Here is a slightly simplified description of what we're observing (the actual details are a bit more complex, but I'm unsure if the additional details are relevant right now, I can expand if needed).
An example callstack when this happens looks like:
pthread_create, FP=7fff0dbf1ab0 rml::internal::thread_monitor::launch, FP=7fff0dbf1b60 tbb::internal::rml::private_worker::wake_or_launch, FP=7fff0dbf1b60 tbb::internal::rml::private_server::wake_some, FP=7fff0dbf1b60 tbb::internal::arena::advertise_new_work<(tbb::internal::arena::new_work_type)0>, FP=7fff0dbf1e50 tbb::internal::generic_scheduler::local_spawn, FP=7fff0dbf1e50 tbb::interface5::internal::task_base::spawn, FP=7fff0dbf1e90 ...py1<openvdb::v4_0_3::tree::InternalNode<openvdb::v4_0_3::tree::LeafNode<float,3>,4> >,const tbb::auto_partitioner>::offer_work, FP=7fff0dbf1ee0 ...ee::InternalNode<openvdb::v4_0_3::tree::LeafNode<float,3>,4> >,const tbb::auto_partitioner>,tbb::blocked_range<unsigned int> >, FP=7fff0dbf2040 ...yCopy1<openvdb::v4_0_3::tree::InternalNode<openvdb::v4_0_3::tree::LeafNode<float,3>,4> >,const tbb::auto_partitioner>::execute, FP=7fff0dbf2060 tbb::internal::custom_scheduler<tbb::internal::IntelSchedulerTraits>::local_wait_for_all, FP=7fff0dbf20f0 tbb::internal::arena::process, FP=7fff0dbf2130 tbb::internal::market::process, FP=7fff0dbf2180 tbb::internal::rml::private_worker::run, FP=7fff0dbf21c0 tbb::internal::rml::private_worker::thread_routine, FP=7fff0dbf21d0 start_thread, FP=7fff0dbf2310 __clone, FP=7fff0dbf2318
Does it sound plausible that TBB would be spawning this extra thread (making the total more than we've requested)?
As mentioned it doesn't happen consistently, in fact it's rare, but any insights into why it happens would be very helpful.
Actually it looks like it may be an issue with more recent versions.
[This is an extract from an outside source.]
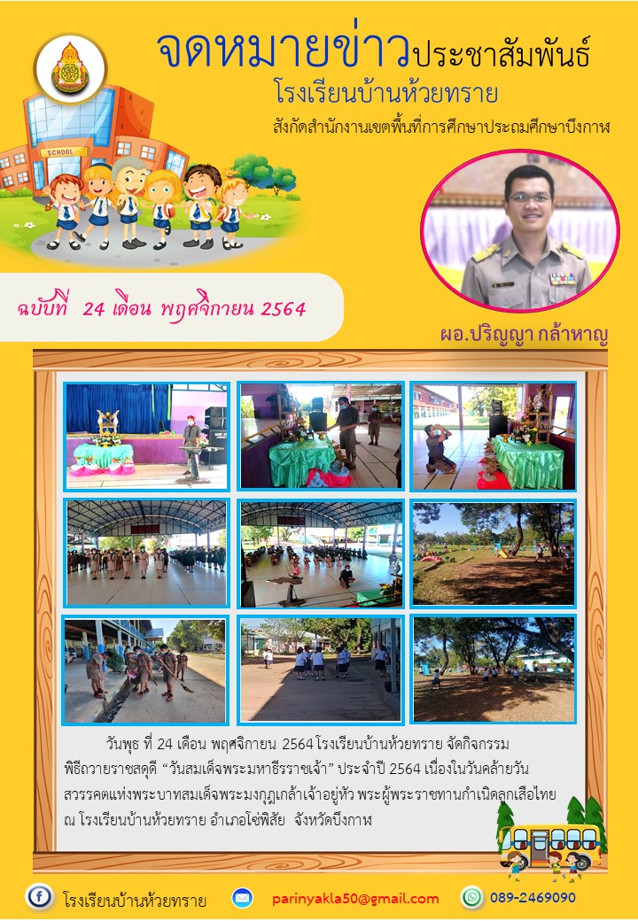 โรงเรียนบ้านห้วยทราย ขอประชาสัมพันธ์ จดหมายข่าว ฉบับที่ 24/2564 พิธีถวายราชสดุดี เนื่องในวันสมเด็จพระมหาธีรราชเจ้า ประจำปี 2564

It happens more frequently with version 4.4.6 than 4.1.3. Any thoughts or insights would be much appreciated.
It is a know issue, consider the related question (https://software.intel.com/en-us/forums/intel-threading-building-blocks/topic/618706). The short answer is that TBB does not guarantee the exact number of threads. To overcome the issue you can try to use observes (https://software.intel.com/en-us/forums/intel-threading-building-blocks/topic/618706#comment-1864976)
That's clarifies everything. I see now that we were making an invalid assumption in our code regarding the life time of threads in the thread pool. Also the observer mechanism should allow us to fix the code in an elegant fashion. Thanks so much for the insights.
No matter what I do, I can't seem to get TBB to call task_scheduler_observer::on_scheduler_exit(). I do see on_scheduler_entry() being called as expected.
If I'm understanding correctly, in the case where TBB is about to switch one of the worker threads to a new one, I should first see a call to on_scheduler_exit() (which will allow me to free up resources associated with the old worker thread), followed by a call to on_scheduler_entry() for the new worker thread. In my testing, I do see on_scheduler_entry() getting called on the new thread, but never see any calls to on_scheduler_exit() beforehand.
I'm wondering if I'm misunderstanding how this mechanism is supposed to work...